** Opening Data to examine block **

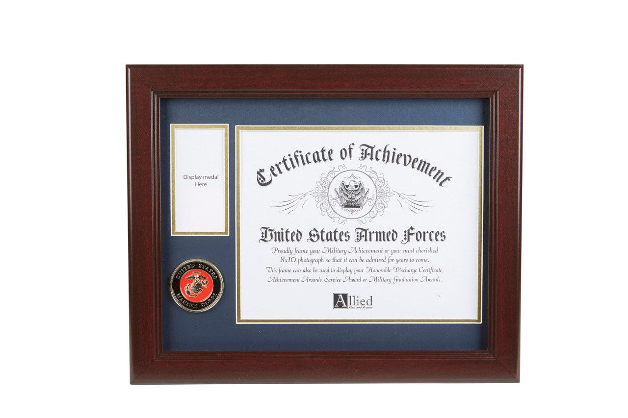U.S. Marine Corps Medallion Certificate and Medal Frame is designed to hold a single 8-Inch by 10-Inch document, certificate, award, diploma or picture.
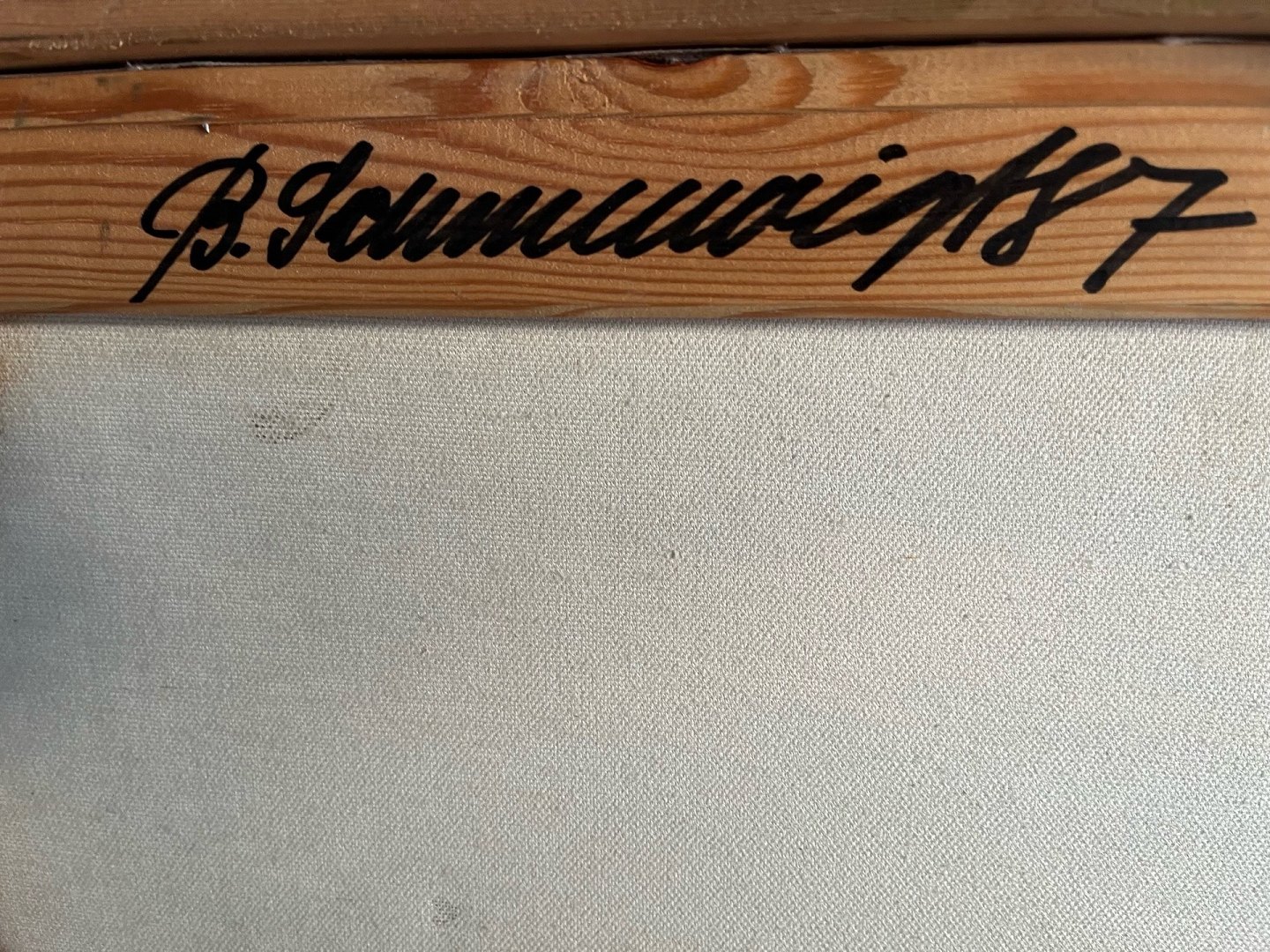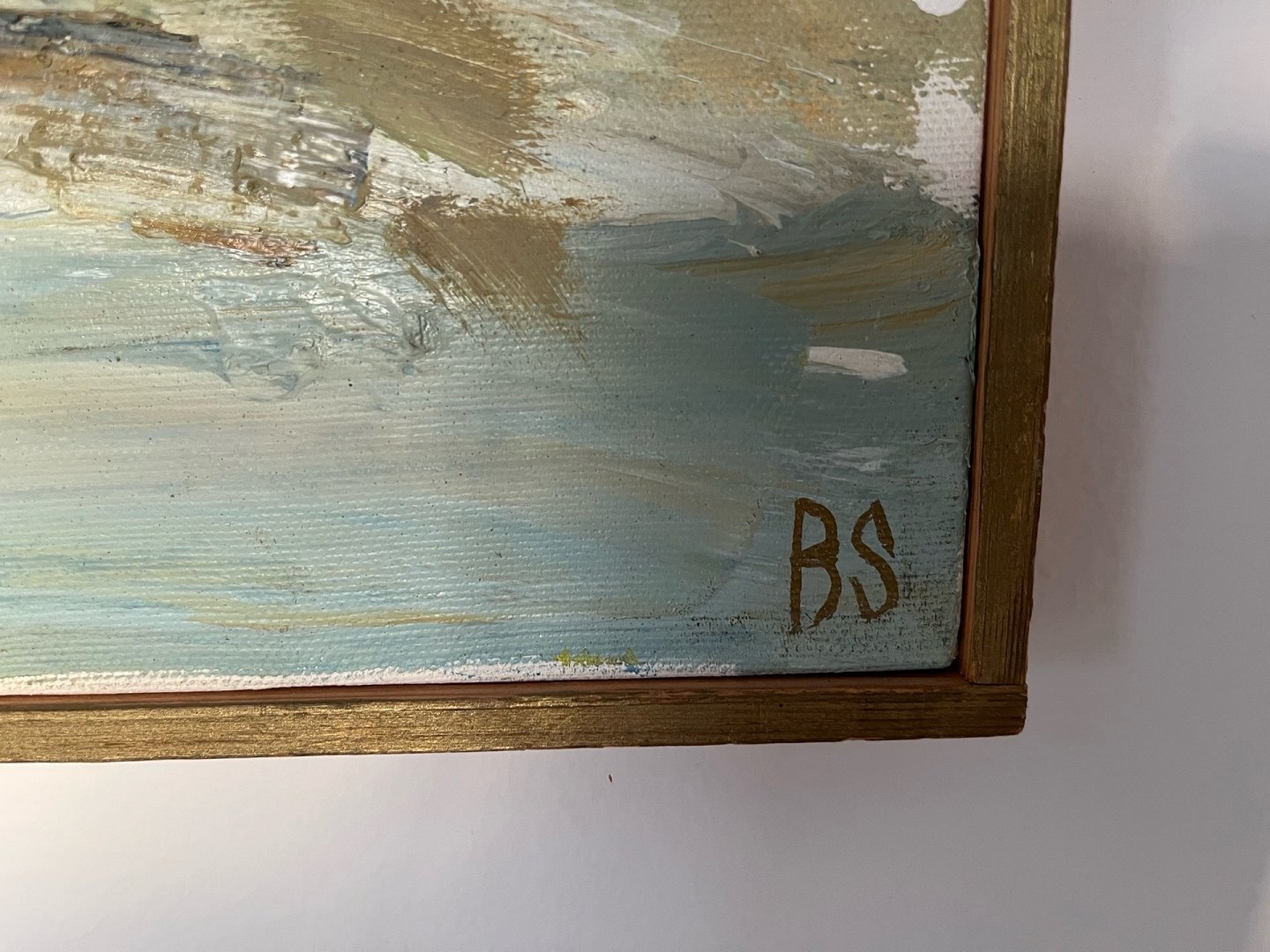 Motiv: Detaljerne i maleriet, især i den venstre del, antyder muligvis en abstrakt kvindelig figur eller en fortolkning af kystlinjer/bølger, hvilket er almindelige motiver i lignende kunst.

** Closing Data to examine block **
** Opening Data to examine block **

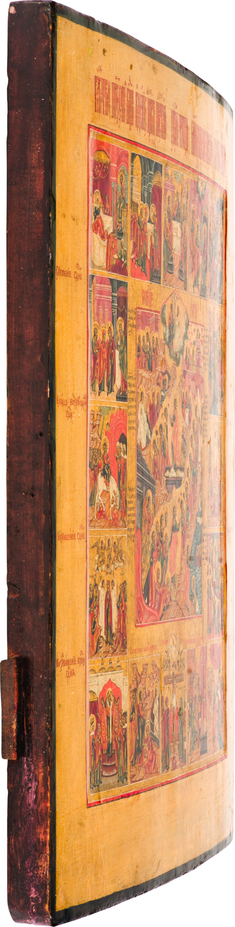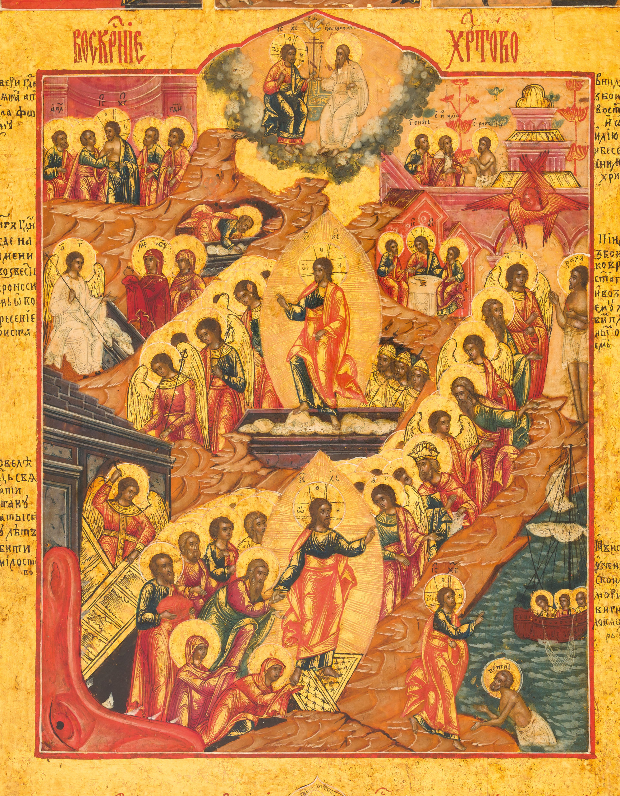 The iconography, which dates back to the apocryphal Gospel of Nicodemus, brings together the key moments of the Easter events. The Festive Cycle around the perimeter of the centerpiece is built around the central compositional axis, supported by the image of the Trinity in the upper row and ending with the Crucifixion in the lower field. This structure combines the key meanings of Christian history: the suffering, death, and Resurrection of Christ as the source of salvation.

** Closing Data to examine block **

Quote the data above exactly from the line with "U.S. Marine Corps" to the line with "Motiv: Detaljerne i", both ends counted, and nothing else. Pictures don't go in.

Written solution:
U.S. Marine Corps Medallion Certificate and Medal Frame is designed to hold a single 8-Inch by 10-Inch document, certificate, award, diploma or picture.
 Motiv: Detaljerne i maleriet, især i den venstre del, antyder muligvis en abstrakt kvindelig figur eller en fortolkning af kystlinjer/bølger, hvilket er almindelige motiver i lignende kunst.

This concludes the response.